离开了雅典娜神学院,英哥儿和柳湘莲并肩走在阿姆斯特丹嘈杂的街道上。运河上船只来往,汽笛声混杂着商贩的叫卖,与莱顿的宁静学术氛围截然不同。
英哥儿带着柳湘莲回到了他们暂住的旅店内。柳湘莲警惕地扫视了一眼周围后关上门,才压低声音对英哥儿说:“英哥儿,你上次给的那张图,我们去找了。”
英哥儿的心猛地提了起来:“结果如何?”
柳湘莲脸上露出难以压制的兴奋:“找到了!虽然那岛屿不大,位置也偏僻,但我们按照海图标记,确实在一片从未注意过的礁群后面发现了它!岛上看起来荒无人烟,但我们的人在岸边和溪流里,发现了不少这种石头。”
说着,他从随身携带的一个布包里,小心地取出一块有着绿色金属光泽的矿石,递了过来。
英哥儿接过矿石,入手沉重,那独特的颜色和质感,让他心跳加速。
他用手指用力摩擦了一下矿石表面,指尖沾染上些许绿色的粉末。
“我们不敢声张,悄悄采集了几块样品,就立刻离开了。”柳湘莲继续说道,“按照你的吩咐,样品已经由可靠的人,用最快的船走秘密航线送回大雍,直呈皇上了!整个过程,除了我们几个核心的人,没有任何外人知晓。
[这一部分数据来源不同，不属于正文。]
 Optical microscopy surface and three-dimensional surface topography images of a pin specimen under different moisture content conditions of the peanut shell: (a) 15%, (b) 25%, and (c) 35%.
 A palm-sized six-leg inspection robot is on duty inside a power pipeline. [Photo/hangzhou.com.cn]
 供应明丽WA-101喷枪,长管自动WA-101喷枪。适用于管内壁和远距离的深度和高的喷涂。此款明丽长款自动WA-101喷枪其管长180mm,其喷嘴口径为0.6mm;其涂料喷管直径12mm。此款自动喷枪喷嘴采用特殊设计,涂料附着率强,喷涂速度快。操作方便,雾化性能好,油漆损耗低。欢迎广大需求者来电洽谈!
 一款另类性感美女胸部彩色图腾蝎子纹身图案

”
“好!太好了!柳叔,你们立了大功!”英哥儿紧紧攥着那块矿石,感觉血液都在发热。
一个可能蕴藏铜矿的海外岛屿!这对急需发展军工和金融的大雍来说,意义实在太重大了。
激动过后,柳湘莲脸上露出笑意,又从怀里取出一个用油布包裹得严严实实的小包袱,从中拿出一封保存完好的信函,信封上是熟悉的字迹。
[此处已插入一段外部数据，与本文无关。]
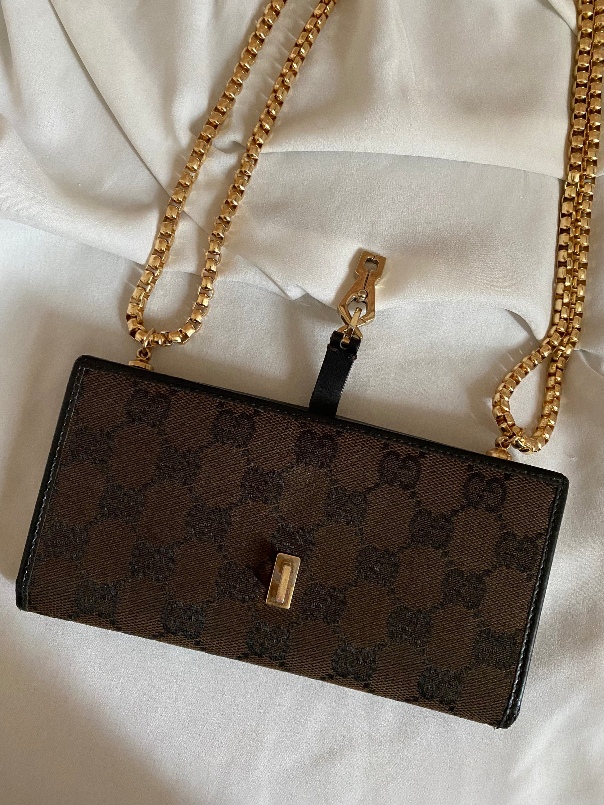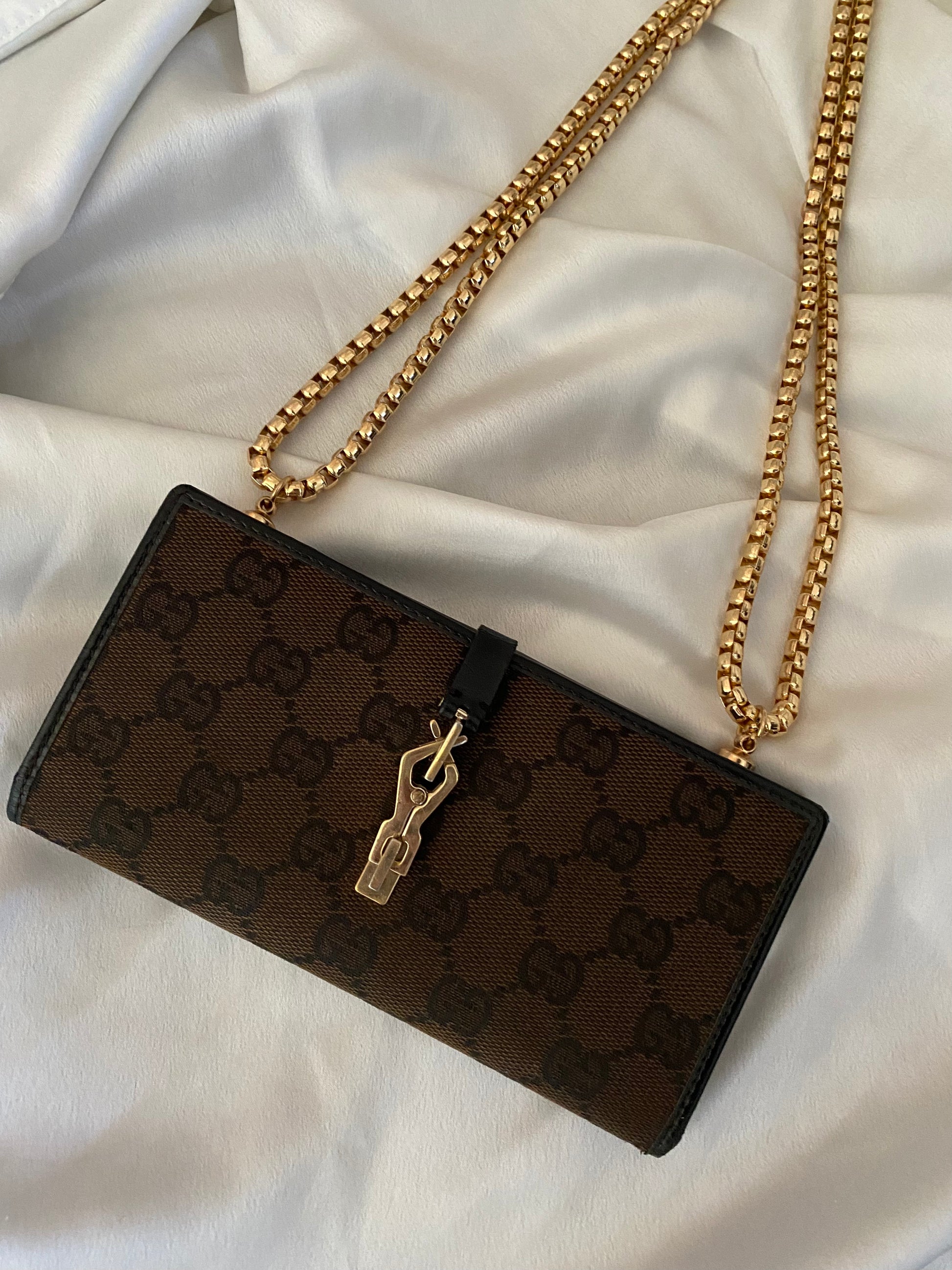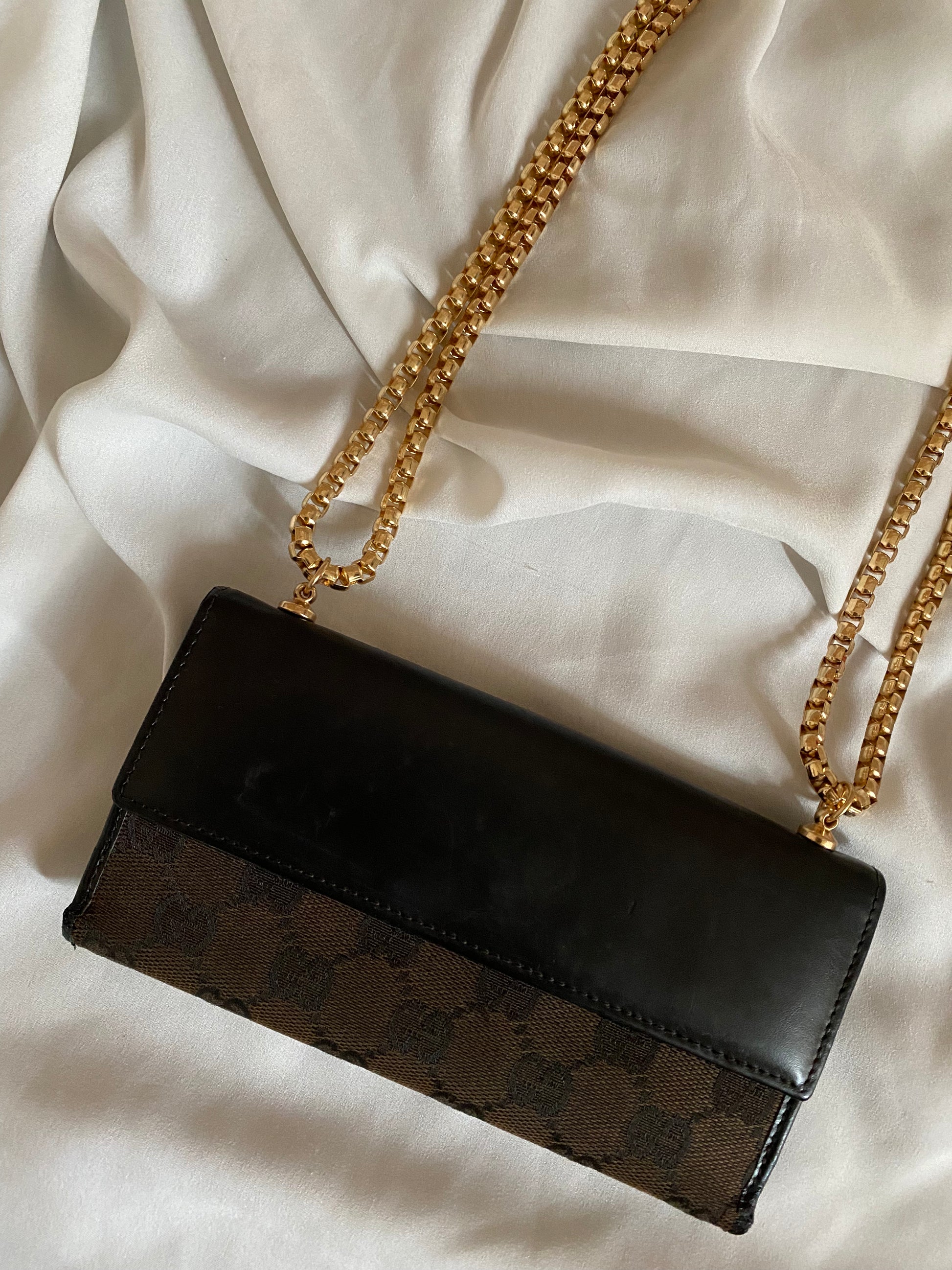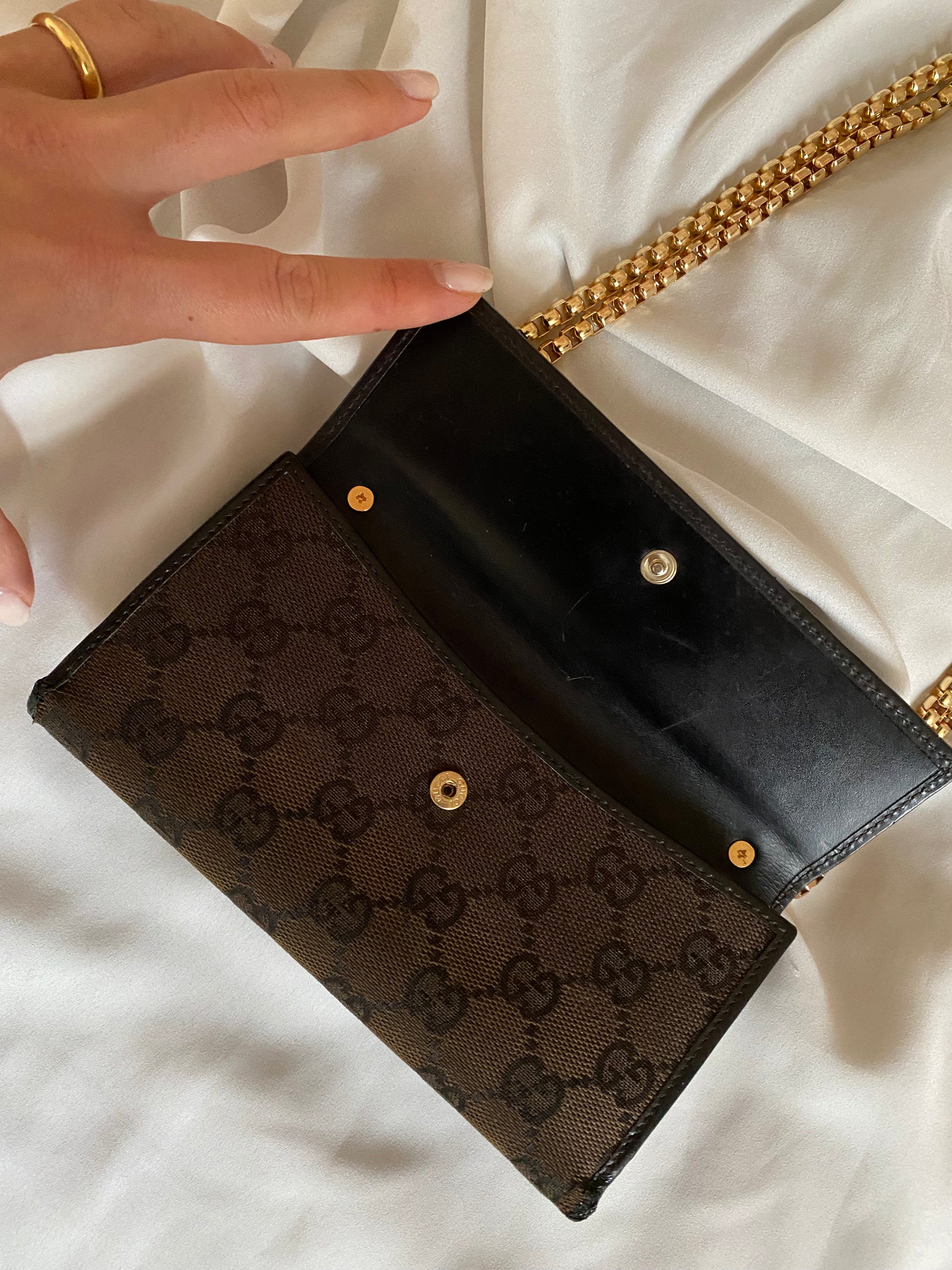 Pochette Gucci monogram marrone con pelle nera. elegantissima.

“还有这个,是二太太让务必交到你手上的。我们从松江府出发时,二太太就准备好了,一直让人在港口守着,直到我们返航才交到我手里。”
是母亲的信!英哥儿深吸一口气,走到窗边,借着外面透进来的光亮,迫不及待地拆开了信。
信是母亲王熙凤口述,由平儿执笔写的。
“吾儿亲启,”开头便是王熙凤熟悉的念叨,“你这一去,山高水远,为娘这颗心啊,就没有一刻是踏实的!好在平儿总劝我,说你有大本事,定能逢凶化吉……你这没良心的小子,也不知道多托人带几封信回来!你可知你娘我,每日看着晗姐儿,就想起你小时候……”
读到这儿,英哥儿仿佛能看到母亲嗔怪的样子,嘴角不自觉地带上了笑意。他继续往下看。
信中絮絮叨叨地说了许多家中琐事,告诉他晗姐儿已经三四岁了,健康活泼,很是惹人疼爱,就是调皮得像个小猴子,常常把家里闹得鸡飞狗跳。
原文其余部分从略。